- Langbahu Town Location in Hunan
- Coordinates: 29°25′21″N 112°20′40″E﻿ / ﻿29.42250°N 112.34444°E
- Country: People's Republic of China
- Province: Hunan
- Prefecture-level city: Yiyang
- County: Nan County

Area
- • Total: 113.3 km^{2} (43.7 sq mi)

Population
- • Total: 53,700
- • Density: 474/km^{2} (1,230/sq mi)
- Time zone: UTC+8 (China Standard)
- Area code: 0737

= Langbahu =

Langbahu Town (浪拔湖镇 (浪拔湖鎮, Làngbáhú Zhèn)) is an urban town in Nan County, Hunan Province, People's Republic of China.
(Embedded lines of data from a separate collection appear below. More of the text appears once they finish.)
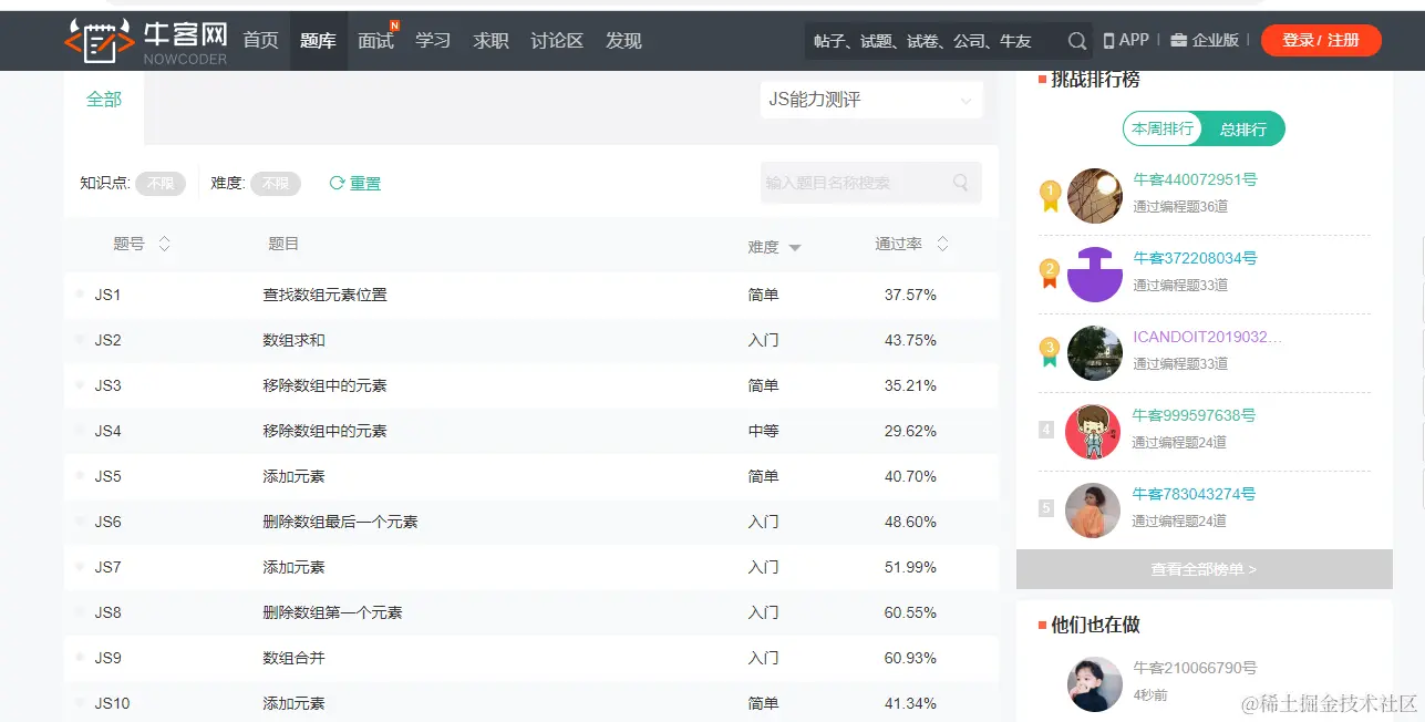 推荐一个练习js的网址 尤雨河youyuhe 2021-02-23 280 阅读1分钟 我曾有一段时间刷leedcode,但是感觉leedcode有点门槛。 用起来不顺手,后来发现许多大厂喜欢用牛客网里面的题面试前端。 于是摸索刷牛客网里面的题。 这是牛客网经典45题的网址,里面有45道js的题目,有答案有讨论。 www.nowcoder.com/ta/js-asses…
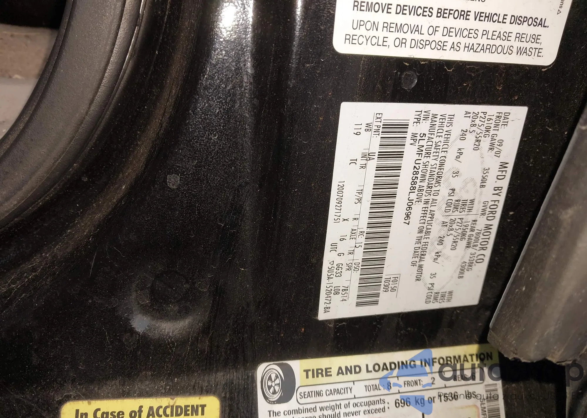 Samochód Lincoln Navigator 2008 (VIN 5LMFU28588LJ06967) nie był wcześniej licytowany. Dokumenty są czyste, przebieg odpowiada lub jest niższy niż średnia rynku. Sprzedaje go firma ubezpieczeniowa – polecamy zakup. Dostawa do portu zajmie ok. 6–8 tygodni.
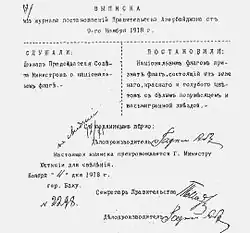 Окончательно переход азербайджанской письменности («тюрко-татарской» по тогдашней терминологии) на латинизированный алфавит был установлен постановлением ЦИК Азербайджанской ССР от 1 января 1929 года, в соответствии с которым из описания флага в статье 104 Конституции (Основного Закона) Азербайджанской ССР были убраны слова на «старом». С 1930 года на флаге Азербайджанской ССР изображалась аббревиатура «АССР» только на латинизированном алфавите. Это было закреплено в новой редакции Конституции (Основного Закона) Азербайджанской ССР, принятой 14 февраля 1931 года VII Всеазербайджанским съездом Советов[28].
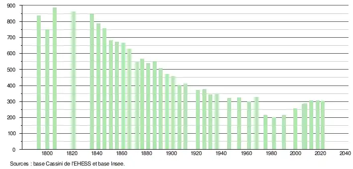 L'évolution du nombre d'habitants est connue à travers les recensements de la population effectués dans la commune depuis 1793. Pour les communes de moins de 10 000 habitants, une enquête de recensement portant sur toute la population est réalisée tous les cinq ans, les populations légales des années intermédiaires étant quant à elles estimées par interpolation ou extrapolation[20]. Pour la commune, le premier recensement exhaustif entrant dans le cadre du nouveau dispositif a été réalisé en 2007[21].

==Administrative divisions==
The town is divided into 24 villages and 2 communities, which include the following areas: Langba Community, Yabadu Community, Shanqiao Village, Taiyangshan Village, Langbahu Village, Shawan Village, Shijiadu Village, Liangtai Village, Baihezhou Village, Yunhe Village, Zhaohui Village, Hongxing Village, Yunfu Village, Sanchahe Village, Xinkou Village, Yimatou Village, Ji'anzui Village, Gaofengzui Village, Nanji Village, Nanhong Village, Jiejiazhou Village, Muluhu Village, Nan'an Village, Dongzhou Village, Hongyanhu Village, and Huameiyuan Village (浪拔社区、哑吧渡社区、山桥村、太阳山村、浪拔湖村、沙湾村、施家渡村、两太村、白合洲村、云和村、朝辉村、红星村、云伏村、三岔河村、新口村、绎码头村、吉安嘴村、告丰嘴村、南吉村、南红村、揭家洲村、牧鹿湖村、南安村、东洲村、红堰湖村、华美垸村).